SiliconBlast Ltd., Calgary, AB, Canada.
Medtronic, Abu Dhabi, United Arab Emirates.
BMC Med Inform Decis Mak. 2024 Aug 23;24(1):234. doi: 10.1186/s12911-024-02634-9.
Responding to the rising global prevalence of noncommunicable diseases (NCDs) requires improvements in the management of high blood pressure. Therefore, this study aims to develop an explainable machine learning model for predicting high blood pressure, a key NCD risk factor, using data from the STEPwise approach to NCD risk factor surveillance (STEPS) surveys. Nationally representative samples of adults aged 18-69 years were acquired from 57 countries spanning six World Health Organization (WHO) regions. Data harmonization and processing were performed to standardize the selected predictors and synchronize features across countries, yielding 41 variables, including demographic, behavioural, physical, and biochemical factors. Five machine learning models - logistic regression, k-nearest neighbours, random forest, XGBoost, and a fully connected neural network - were trained and evaluated at global, regional, and country-specific levels using an 80/20 train-test split. The models' performance was assessed using accuracy, precision, recall, and F1 score. Feature importance analysis identified age, weight, heart rate, waist circumference, and height as key predictors of blood pressure. Across the 57 countries studied, model performances varied considerably, with accuracy ranging from as low as 58.96% in some models for specific countries to as high as 81.41% in others, underscoring the need for region and country-specific adaptations in modelling approaches. The explainable model offers an opportunity for population-level screening and continuous risk assessment in resource-limited settings.

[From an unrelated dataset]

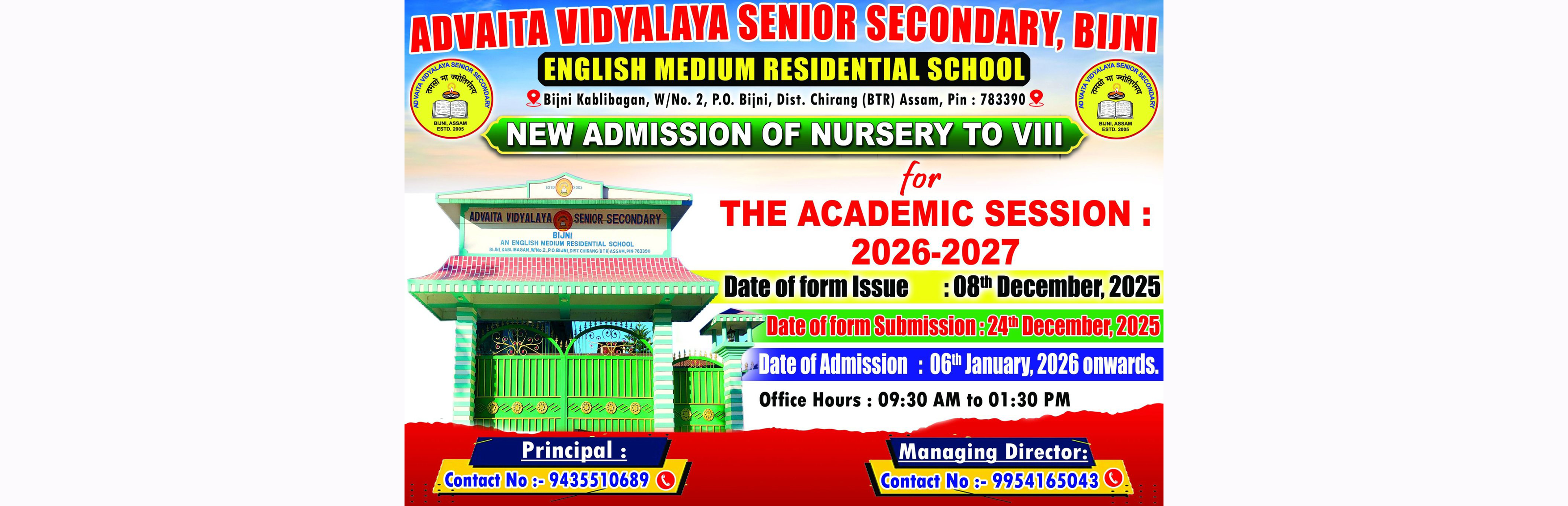Read MoreAdvaita Vidyalaya Sr. Secondary , Bijni was founded in the year 2005 at Kablibagan, ward No. 2 , Bijni, Dist, Chirang. This institute is a Co-educational residential School, which provides a rich, diverse and challenging education through innovation teaching and learning and inspires each one to achive their best. Our Motto is - 'Tamaso. . . > > >

为应对全球非传染性疾病(NCDs)患病率不断上升的问题,需要改进高血压管理。因此,本研究旨在利用来自 STEP 式 NCD 风险因素监测(STEPS)调查的数据集,开发一种可解释的机器学习模型,用于预测高血压这一关键 NCD 风险因素。研究采集了来自六大世界卫生组织(WHO)区域的 57 个国家 18-69 岁成年人的全国代表性样本。对数据进行了协调和处理,以标准化所选预测因子并使各国特征同步,共得到 41 个变量,包括人口统计学、行为、身体和生物化学因素。使用 80/20 的训练-测试分割,在全球、区域和国家特定水平上训练和评估了五种机器学习模型 - 逻辑回归、k-最近邻、随机森林、XGBoost 和全连接神经网络。使用准确性、精确性、召回率和 F1 分数评估了模型的性能。特征重要性分析确定年龄、体重、心率、腰围和身高是血压的关键预测因子。在所研究的 57 个国家中,模型性能差异很大,某些特定国家的某些模型的准确性低至 58.96%,而其他模型的准确性高达 81.41%,这突显出在建模方法中需要进行区域和国家特定的调整。可解释模型为资源有限环境中的人群水平筛查和持续风险评估提供了机会。